An analysis of the 100 fastest-growing firms in the U.S. (Fortune,
1996) helped to identify the highest-growth industries. Of the 100
fastest-growing firms, 38 were in the High-Technology Sector, 12 were in
the Health Care Sector, and 7 were in the Energy Sector. This suggested
that many high-growth industries would be in these sectors of the
economy.
A list of industries with at least 10 new ventures conducting
initial public offerings during 1987 through 1993 is presented in Table
1 (Inc. Magazine, 1987-1993). The list shows that the most frequently
occurring industrial codes were 7372 (prepackaged software), 2834
(pharmaceutical preparations), and 6712 (bank holding companies).
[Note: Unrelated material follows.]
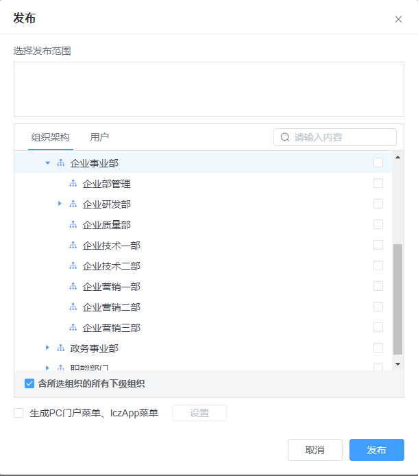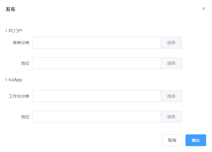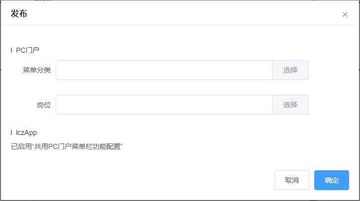 定向发布时,可选择生成PC门户菜单和lczAPP菜单:

Furthermore, an analysis of the types of new ventures that went public
indicates that 12 of the 17 most frequently occurring new venture
industry codes were in the high-technology or health care sectors. This
evidence supported the idea that high-technology and health care sectors
were growing rapidly.
To further investigate which industries should be included in this
study, the Standard Industrial Classification Codes were classified as
Health Care Sector and High-Technology Sector for the initial public
offerings between 1987 and 1993 as given in Table 2. The Pharmaceutical,
Biotechnology, and Medical Equipment industries comprised almost 6
percent of the 2,371 initial public offerings during that period. The
Computer, Semiconductor, and Software industries contributed another 6
percent.
High-technology and health care sectors each had more initial
public offerings than any other sector in the U.S. from 1987 to 1993 and
the industries within the high-technology and health care sectors had
more initial public offerings than any other industry except for
banking. Due to the high rates of reorganization and because no banking
firm was listed on the top 100 fastest-growing firms, the banking
industry was not included in the sample for this study.
Venture Selection
Because this research dealt with the performance of new ventures,
three criteria were required. First, the age of the venture was eight
years or less (Biggadike, 1979; Weiss, 1981). Second, ventures were
independent startups rather than corporate ventures (Hofer &
Sandberg, 1987). Third, the ventures were involved in the creation of
goods and services rather than serving as types of financial
instruments.
An initial search found 303 firms qualified for this study. Twenty
five firms were randomly selected from each of the six industries in the
study. The three industries of the health care sector each contribute 25
firms for a total of 75 firms from health care and the three industries
of the high-technology sector each contribute 25 firms for a total of 75
firms from high-technology. The six industries combine for a total
sample of 150 firms. The ventures in the sample were blocked to ensure
equal representation in all 6 industries.
Data Collection
There were four major reasons for selecting Securities and Exchange
Commission initial public offering prospectus filings as a source of new
venture data. First, these filings must meet Securities and Exchange
Commission content standards, and therefore they offer a reliable source
of new venture data (Marino, Castaldi, & Dollinger, 1990). Second,
the standardized form used in initial public offering filings
facilitated the use of content analysis. Third, Securities and Exchange
Commission filings were considered more comprehensive than proposals
submitted to venture capitalists. Finally, because of Securities and
Exchange Commission oversight, the filings were thought to provide more
objective information than questionnaires that may be subject to
rationalization of actions by self-reporting entrepreneurs (McGee,
1994).
High-growth new ventures for this study were taken from the list of
all initial public offerings between 1987 and 1993 as given by
Investment Dealer's Digest (1987-1994). This time period was
selected for three reasons. First, 1987 through 1993 was a time of high
levels of activity for high-growth ventures. Therefore, there was a
relatively large number of new ventures with public information
available. Second, one of the industries in the study, software, was
first identified as a separate industry by the standard industrial
classification system in 1987. Consequently, it was decided that all
data should begin in 1987 to facilitate intra-industry comparisons.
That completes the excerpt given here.